这代人的热情-HBase的简单使用
前面折腾了Hadoop,接着就是HBase了,但是这个要写的东西就可多可少了。本文只记录了简单的使用,没有额外写了。本文仅作为我的学习笔记,实际上发布到我的博客时,已经写了很久了只是一直没整理发出来,我加入了一些我自己的理解,便于我自己区分,错误是肯定存在,请留言联系我,我会第一时间改正。如果你想学HBase的使用倒不如直接去看官方文档Apache HBase ™ Reference Guide和HBase 官方文档中文版,比我写的内容多得多。
那么什么是HBase?
HBase - Hadoop Database,是一个高可靠性、高性能、面向列、可伸缩的分布式存储系统,利用HBase技术可在廉价PCServer上搭建起大规模结构化存储集群。HBase利用HadoopHDFS作为其文件存储系统,利用HadoopMapReduce来处理HBase中的海量数据,利用Zookeeper作为协调工具。
在本篇笔记之前,还有我写的这几篇,可以参阅一下:
Hadoop 2.x在CentOS 6.9和Windows下的伪分布式部署
HDFS的再探究
这代人的热情-MapReduce的工作原理学习(一)
这代人的热情-MapReduce的工作原理学习(二)
下面的内容引用了,写得很清晰,我就不额外写了:
【HBase】HBase的环境搭建及基本使用-魏晓蕾
顺便说一下这个博客的博主写得挺多的,有兴趣可以去看一下。
特点 | MySQL | HBase |
---|---|---|
数据库的概念 | 有数据库的概念database和表的概念table | 没有数据库概念database,有替代的namespace的概念,有表的概念,所有的表都是在一个namespace下的 |
主键 | 主键唯一决定了一行 | 没有主键,但是有行健:rowkey(可以理解为就是相当于是主键) |
字段 | 表中直接包含字段 | 有列簇的概念,每个列簇中才包含了字段,给相同属性的列划分一个组,叫做column family列簇,在建表的时候至少要指明一个列簇,可以不给字段 |
版本 | 行列交叉得到一个唯一的单元格,数据的版本数只有1 | 可以存储多个版本version(相当于是可以存储多个值),HBase行列交叉得到一个唯一的单元格组,组中可以有多个单元格,可以设置hbase的version版本数,是int值,当version为1的时候,就没有单元格组的概念了,就是一个单元格,默认情况下,显示timestamp(时间戳)最新的那个单元格的值 |
空值 | MySQL中没有值的话,就是null值,是占空间的 | 对于HBase来说,如果没有这一列的信息,那么就不会存储,不会分配任何的空间 |
Hadoop的生态系统:
还需要说的概念就是:
主键: Row Key
主键是用来检索记录的主键,访问hbase table中的行,只有三种方式。
1.通过单个row key访问
2.通过row key的range
3.全表扫描
列族: Column Family
关系型数据库没有列族这一概念。列族在创建表的时候声明,一个列族可以包含多个列,列中的数据都是以二进制形式存在,没有数据类型。
1. HBase的安装
在安装之前,得先想一下,究竟使用何种部署方式,我们可以搭建单节点的测试环境:
1、单机单实例,只要端口不被占用即可
2、单机伪集群
部署的话要用到Zookeeper,在文末有提到。因为HBase可以将数据保存在本地的文件系统,不保存到HDFS,我们只是简单的测试学习的话,可以无需启动HDFS,只是HDFS的很多特性就无法使用。

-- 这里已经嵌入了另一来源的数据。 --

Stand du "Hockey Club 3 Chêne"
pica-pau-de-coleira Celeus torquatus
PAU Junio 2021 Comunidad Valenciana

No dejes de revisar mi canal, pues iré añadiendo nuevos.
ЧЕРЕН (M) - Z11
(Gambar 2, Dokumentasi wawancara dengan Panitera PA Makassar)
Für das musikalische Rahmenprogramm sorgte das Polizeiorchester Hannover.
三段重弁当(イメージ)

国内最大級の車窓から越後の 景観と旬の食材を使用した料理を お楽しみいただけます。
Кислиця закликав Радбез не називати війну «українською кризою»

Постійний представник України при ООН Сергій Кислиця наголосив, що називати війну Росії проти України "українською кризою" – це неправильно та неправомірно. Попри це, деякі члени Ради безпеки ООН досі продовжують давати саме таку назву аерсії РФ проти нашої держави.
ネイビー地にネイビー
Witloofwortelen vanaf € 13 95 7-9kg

本文使用的版本是:hbase-0.96.2-hadoop2-bin.tar.gz
,要注意和Hadoop的版本对应。使用的这个在很久以前就停止支持了。
- 0.96 was EOM'd September 2014; 0.94 and 0.98 were EOM'd April 2017
- 1.0 was EOM'd January 2016; 1.1 was EOM'd December 2017; 1.2 was EOM'd June 2019
- 2.0 was EOM'd September 2019
下面就开始捣鼓了,首先解压到目录:
还是需要配置环境,编辑conf/hbase-env.sh
取消JAVA_HOME前面的
/usr/java/jdk1.7.0_80
然后:
vi conf/hbase-site.xml
根据实际情况修改目录:
<property>
<name>hbase.rootdir</name>
<value>file:///DIRECTORY/hbase</value>
</property>
修改conf/hbase-env.sh
中的HBASE_MANAGES_ZK
为true。
# Tell HBase whether it should manage it's own instance of Zookeeper or not.

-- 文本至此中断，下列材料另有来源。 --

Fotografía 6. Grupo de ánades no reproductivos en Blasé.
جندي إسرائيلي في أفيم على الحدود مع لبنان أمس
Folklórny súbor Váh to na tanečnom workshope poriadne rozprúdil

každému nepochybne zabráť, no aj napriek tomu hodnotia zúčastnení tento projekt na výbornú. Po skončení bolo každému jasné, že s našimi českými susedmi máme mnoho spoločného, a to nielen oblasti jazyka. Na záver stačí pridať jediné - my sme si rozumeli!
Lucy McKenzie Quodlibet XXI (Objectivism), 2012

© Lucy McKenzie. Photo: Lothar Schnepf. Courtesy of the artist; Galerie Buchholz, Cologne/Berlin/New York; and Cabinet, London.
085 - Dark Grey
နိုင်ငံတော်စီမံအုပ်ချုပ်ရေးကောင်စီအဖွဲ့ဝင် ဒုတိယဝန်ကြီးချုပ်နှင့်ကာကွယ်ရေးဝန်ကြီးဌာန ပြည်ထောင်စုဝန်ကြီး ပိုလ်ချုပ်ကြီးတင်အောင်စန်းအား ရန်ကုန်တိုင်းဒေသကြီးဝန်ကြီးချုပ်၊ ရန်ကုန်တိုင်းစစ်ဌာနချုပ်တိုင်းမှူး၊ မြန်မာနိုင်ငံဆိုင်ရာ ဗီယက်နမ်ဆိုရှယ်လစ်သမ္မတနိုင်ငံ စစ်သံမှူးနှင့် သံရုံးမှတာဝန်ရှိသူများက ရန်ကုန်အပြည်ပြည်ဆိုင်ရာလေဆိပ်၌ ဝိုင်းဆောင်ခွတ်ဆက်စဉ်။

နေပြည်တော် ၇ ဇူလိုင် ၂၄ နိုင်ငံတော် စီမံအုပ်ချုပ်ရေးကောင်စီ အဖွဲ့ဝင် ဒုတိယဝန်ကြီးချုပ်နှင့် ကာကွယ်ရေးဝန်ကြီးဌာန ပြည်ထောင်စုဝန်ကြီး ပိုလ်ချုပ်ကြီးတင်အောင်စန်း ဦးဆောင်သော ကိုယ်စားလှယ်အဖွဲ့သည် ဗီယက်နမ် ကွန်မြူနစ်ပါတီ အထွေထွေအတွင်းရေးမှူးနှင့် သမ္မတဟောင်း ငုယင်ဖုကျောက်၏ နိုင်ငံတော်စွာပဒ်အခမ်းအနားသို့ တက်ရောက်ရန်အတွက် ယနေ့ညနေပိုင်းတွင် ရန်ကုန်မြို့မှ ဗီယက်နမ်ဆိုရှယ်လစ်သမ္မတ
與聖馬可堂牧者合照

# export HBASE_MANAGES_ZK=true
一个分布式运行的HBase依赖一个zookeeper集群。所有的节点和客户端都必须能够访问zookeeper。默认的情况下HBase会管理一个zookeep集群。这个集群会随着HBase的启动而启动。当然,你也可以自己管理一个zookeeper集群,但需要配置HBase。你需要修改conf/hbase-env.sh里面的HBASE_MANAGES_ZK 来切换。这个值默认是true的,作用是让HBase启动的时候同时也启动zookeeper.
然后修改:conf/hbase-site.xml
<?xml version="1.0"?>
<?xml-stylesheet type="text/xsl" href="configuration.xsl"?>
<configuration>
<property>
<name>hbase.rootdir</name>
<value>hdfs://192.168.123.29:8020/hbase</value>
</property>
<property >
<name>hbase.tmp.dir</name>
<value>/opt/moduels/hbase-0.96.2-hadoop2/data/tmp</value>
</property>
<property>
<name>hbase.cluster.distributed</name>
<value>true</value>
</property>
<property>
<name>hbase.zookeeper.quorum</name>
<value>192.168.123.29</value>
</property>
</configuration>
其中,hbase.cluster.distributed
,true就是分布式集群模式,false就是单机模式。
然后就可以启动了,./start-hbase.sh
。
[root@vmcentos bin]# ./start-hbase.sh
starting master, logging to /root/hbase-0.96.2-hadoop2/bin/../logs/hbase-root-ma ster-vmcentos.out
SLF4J: Class path contains multiple SLF4J bindings.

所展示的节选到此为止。